** Opening GIVEN DATA block **
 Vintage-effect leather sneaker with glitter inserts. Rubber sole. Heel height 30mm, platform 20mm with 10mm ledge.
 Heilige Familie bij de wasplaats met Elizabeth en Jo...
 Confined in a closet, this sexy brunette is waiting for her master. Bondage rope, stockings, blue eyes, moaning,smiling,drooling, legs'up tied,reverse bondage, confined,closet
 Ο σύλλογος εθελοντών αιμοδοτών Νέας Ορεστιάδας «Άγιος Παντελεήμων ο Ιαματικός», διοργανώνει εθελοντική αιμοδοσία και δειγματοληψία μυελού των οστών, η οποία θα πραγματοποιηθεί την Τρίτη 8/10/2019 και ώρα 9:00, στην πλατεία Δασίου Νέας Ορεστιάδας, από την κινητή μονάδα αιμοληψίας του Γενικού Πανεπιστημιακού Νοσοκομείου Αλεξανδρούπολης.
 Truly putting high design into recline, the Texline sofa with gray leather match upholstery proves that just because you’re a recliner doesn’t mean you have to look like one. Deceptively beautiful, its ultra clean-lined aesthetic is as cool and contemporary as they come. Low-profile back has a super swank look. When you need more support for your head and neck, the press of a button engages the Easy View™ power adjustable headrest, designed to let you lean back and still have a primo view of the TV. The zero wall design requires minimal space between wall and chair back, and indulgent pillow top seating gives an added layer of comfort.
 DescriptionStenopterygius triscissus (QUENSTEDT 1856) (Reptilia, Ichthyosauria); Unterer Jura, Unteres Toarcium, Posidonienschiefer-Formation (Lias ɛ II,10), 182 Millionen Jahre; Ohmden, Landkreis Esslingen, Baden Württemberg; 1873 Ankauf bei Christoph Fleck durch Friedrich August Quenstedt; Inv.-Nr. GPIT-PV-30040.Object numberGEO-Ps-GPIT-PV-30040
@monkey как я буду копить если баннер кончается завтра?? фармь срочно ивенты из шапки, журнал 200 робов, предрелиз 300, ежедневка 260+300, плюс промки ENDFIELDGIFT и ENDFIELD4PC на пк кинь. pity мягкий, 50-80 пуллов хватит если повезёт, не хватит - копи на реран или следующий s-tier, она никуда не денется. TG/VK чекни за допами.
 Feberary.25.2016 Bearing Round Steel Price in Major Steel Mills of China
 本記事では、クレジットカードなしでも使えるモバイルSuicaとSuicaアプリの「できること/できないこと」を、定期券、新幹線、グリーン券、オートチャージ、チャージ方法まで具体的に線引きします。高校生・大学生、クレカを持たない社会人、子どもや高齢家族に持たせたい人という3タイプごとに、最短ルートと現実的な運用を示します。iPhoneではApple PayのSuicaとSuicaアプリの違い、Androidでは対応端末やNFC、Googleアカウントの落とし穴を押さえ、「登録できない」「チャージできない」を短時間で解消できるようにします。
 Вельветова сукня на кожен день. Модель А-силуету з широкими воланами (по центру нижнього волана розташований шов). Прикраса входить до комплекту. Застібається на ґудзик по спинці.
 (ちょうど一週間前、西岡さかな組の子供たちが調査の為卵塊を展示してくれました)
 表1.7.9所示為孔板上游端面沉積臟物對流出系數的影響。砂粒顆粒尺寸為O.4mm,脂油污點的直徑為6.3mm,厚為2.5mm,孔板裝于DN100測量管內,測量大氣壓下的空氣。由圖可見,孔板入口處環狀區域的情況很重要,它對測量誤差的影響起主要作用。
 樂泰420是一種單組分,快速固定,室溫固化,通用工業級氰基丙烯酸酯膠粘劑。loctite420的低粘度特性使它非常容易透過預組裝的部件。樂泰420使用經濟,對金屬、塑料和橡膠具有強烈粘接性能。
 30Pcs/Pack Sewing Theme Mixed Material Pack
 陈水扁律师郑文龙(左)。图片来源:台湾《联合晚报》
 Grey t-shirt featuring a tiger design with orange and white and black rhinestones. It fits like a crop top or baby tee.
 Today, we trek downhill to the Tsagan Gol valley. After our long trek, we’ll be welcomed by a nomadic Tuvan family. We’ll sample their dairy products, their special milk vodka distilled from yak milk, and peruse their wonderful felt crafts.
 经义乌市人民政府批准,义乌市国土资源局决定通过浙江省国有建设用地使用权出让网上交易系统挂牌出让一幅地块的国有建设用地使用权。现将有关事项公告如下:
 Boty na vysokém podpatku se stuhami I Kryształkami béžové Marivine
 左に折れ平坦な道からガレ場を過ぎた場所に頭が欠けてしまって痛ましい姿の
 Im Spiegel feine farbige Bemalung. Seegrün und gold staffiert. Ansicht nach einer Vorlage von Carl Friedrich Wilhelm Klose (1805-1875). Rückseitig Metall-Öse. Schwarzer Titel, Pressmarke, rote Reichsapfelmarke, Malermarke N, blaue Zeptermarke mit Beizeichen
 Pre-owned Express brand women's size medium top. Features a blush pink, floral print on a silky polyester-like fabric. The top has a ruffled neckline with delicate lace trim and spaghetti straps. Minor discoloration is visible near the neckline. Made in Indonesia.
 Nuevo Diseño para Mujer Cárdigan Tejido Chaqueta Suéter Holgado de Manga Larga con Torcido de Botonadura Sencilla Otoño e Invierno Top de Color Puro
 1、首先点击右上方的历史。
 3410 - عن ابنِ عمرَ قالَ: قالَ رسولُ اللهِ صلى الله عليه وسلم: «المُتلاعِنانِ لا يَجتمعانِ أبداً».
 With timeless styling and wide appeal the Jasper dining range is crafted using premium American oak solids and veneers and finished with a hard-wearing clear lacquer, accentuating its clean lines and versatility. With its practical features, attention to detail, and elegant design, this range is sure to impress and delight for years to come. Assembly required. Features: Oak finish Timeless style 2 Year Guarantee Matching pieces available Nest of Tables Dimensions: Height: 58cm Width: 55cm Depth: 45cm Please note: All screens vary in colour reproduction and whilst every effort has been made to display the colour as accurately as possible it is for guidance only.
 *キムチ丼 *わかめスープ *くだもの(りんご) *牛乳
** Closing GIVEN DATA block **
#### AIM OF THE TASK:
So that nothing is lost, please reproduce each entry exactly as written.

#### WRITTEN SOLUTION:
 Vintage-effect leather sneaker with glitter inserts. Rubber sole. Heel height 30mm, platform 20mm with 10mm ledge.
 Heilige Familie bij de wasplaats met Elizabeth en Jo...
 Confined in a closet, this sexy brunette is waiting for her master. Bondage rope, stockings, blue eyes, moaning,smiling,drooling, legs'up tied,reverse bondage, confined,closet
 Ο σύλλογος εθελοντών αιμοδοτών Νέας Ορεστιάδας «Άγιος Παντελεήμων ο Ιαματικός», διοργανώνει εθελοντική αιμοδοσία και δειγματοληψία μυελού των οστών, η οποία θα πραγματοποιηθεί την Τρίτη 8/10/2019 και ώρα 9:00, στην πλατεία Δασίου Νέας Ορεστιάδας, από την κινητή μονάδα αιμοληψίας του Γενικού Πανεπιστημιακού Νοσοκομείου Αλεξανδρούπολης.
 Truly putting high design into recline, the Texline sofa with gray leather match upholstery proves that just because you’re a recliner doesn’t mean you have to look like one. Deceptively beautiful, its ultra clean-lined aesthetic is as cool and contemporary as they come. Low-profile back has a super swank look. When you need more support for your head and neck, the press of a button engages the Easy View™ power adjustable headrest, designed to let you lean back and still have a primo view of the TV. The zero wall design requires minimal space between wall and chair back, and indulgent pillow top seating gives an added layer of comfort.
 DescriptionStenopterygius triscissus (QUENSTEDT 1856) (Reptilia, Ichthyosauria); Unterer Jura, Unteres Toarcium, Posidonienschiefer-Formation (Lias ɛ II,10), 182 Millionen Jahre; Ohmden, Landkreis Esslingen, Baden Württemberg; 1873 Ankauf bei Christoph Fleck durch Friedrich August Quenstedt; Inv.-Nr. GPIT-PV-30040.Object numberGEO-Ps-GPIT-PV-30040
@monkey как я буду копить если баннер кончается завтра?? фармь срочно ивенты из шапки, журнал 200 робов, предрелиз 300, ежедневка 260+300, плюс промки ENDFIELDGIFT и ENDFIELD4PC на пк кинь. pity мягкий, 50-80 пуллов хватит если повезёт, не хватит - копи на реран или следующий s-tier, она никуда не денется. TG/VK чекни за допами.
 Feberary.25.2016 Bearing Round Steel Price in Major Steel Mills of China
 本記事では、クレジットカードなしでも使えるモバイルSuicaとSuicaアプリの「できること/できないこと」を、定期券、新幹線、グリーン券、オートチャージ、チャージ方法まで具体的に線引きします。高校生・大学生、クレカを持たない社会人、子どもや高齢家族に持たせたい人という3タイプごとに、最短ルートと現実的な運用を示します。iPhoneではApple PayのSuicaとSuicaアプリの違い、Androidでは対応端末やNFC、Googleアカウントの落とし穴を押さえ、「登録できない」「チャージできない」を短時間で解消できるようにします。
 Вельветова сукня на кожен день. Модель А-силуету з широкими воланами (по центру нижнього волана розташований шов). Прикраса входить до комплекту. Застібається на ґудзик по спинці.
 (ちょうど一週間前、西岡さかな組の子供たちが調査の為卵塊を展示してくれました)
 表1.7.9所示為孔板上游端面沉積臟物對流出系數的影響。砂粒顆粒尺寸為O.4mm,脂油污點的直徑為6.3mm,厚為2.5mm,孔板裝于DN100測量管內,測量大氣壓下的空氣。由圖可見,孔板入口處環狀區域的情況很重要,它對測量誤差的影響起主要作用。
 樂泰420是一種單組分,快速固定,室溫固化,通用工業級氰基丙烯酸酯膠粘劑。loctite420的低粘度特性使它非常容易透過預組裝的部件。樂泰420使用經濟,對金屬、塑料和橡膠具有強烈粘接性能。
 30Pcs/Pack Sewing Theme Mixed Material Pack
 陈水扁律师郑文龙(左)。图片来源:台湾《联合晚报》
 Grey t-shirt featuring a tiger design with orange and white and black rhinestones. It fits like a crop top or baby tee.
 Today, we trek downhill to the Tsagan Gol valley. After our long trek, we’ll be welcomed by a nomadic Tuvan family. We’ll sample their dairy products, their special milk vodka distilled from yak milk, and peruse their wonderful felt crafts.
 经义乌市人民政府批准,义乌市国土资源局决定通过浙江省国有建设用地使用权出让网上交易系统挂牌出让一幅地块的国有建设用地使用权。现将有关事项公告如下:
 Boty na vysokém podpatku se stuhami I Kryształkami béžové Marivine
 左に折れ平坦な道からガレ場を過ぎた場所に頭が欠けてしまって痛ましい姿の
 Im Spiegel feine farbige Bemalung. Seegrün und gold staffiert. Ansicht nach einer Vorlage von Carl Friedrich Wilhelm Klose (1805-1875). Rückseitig Metall-Öse. Schwarzer Titel, Pressmarke, rote Reichsapfelmarke, Malermarke N, blaue Zeptermarke mit Beizeichen
 Pre-owned Express brand women's size medium top. Features a blush pink, floral print on a silky polyester-like fabric. The top has a ruffled neckline with delicate lace trim and spaghetti straps. Minor discoloration is visible near the neckline. Made in Indonesia.
 Nuevo Diseño para Mujer Cárdigan Tejido Chaqueta Suéter Holgado de Manga Larga con Torcido de Botonadura Sencilla Otoño e Invierno Top de Color Puro
 1、首先点击右上方的历史。
 3410 - عن ابنِ عمرَ قالَ: قالَ رسولُ اللهِ صلى الله عليه وسلم: «المُتلاعِنانِ لا يَجتمعانِ أبداً».
 With timeless styling and wide appeal the Jasper dining range is crafted using premium American oak solids and veneers and finished with a hard-wearing clear lacquer, accentuating its clean lines and versatility. With its practical features, attention to detail, and elegant design, this range is sure to impress and delight for years to come. Assembly required. Features: Oak finish Timeless style 2 Year Guarantee Matching pieces available Nest of Tables Dimensions: Height: 58cm Width: 55cm Depth: 45cm Please note: All screens vary in colour reproduction and whilst every effort has been made to display the colour as accurately as possible it is for guidance only.
 *キムチ丼 *わかめスープ *くだもの(りんご) *牛乳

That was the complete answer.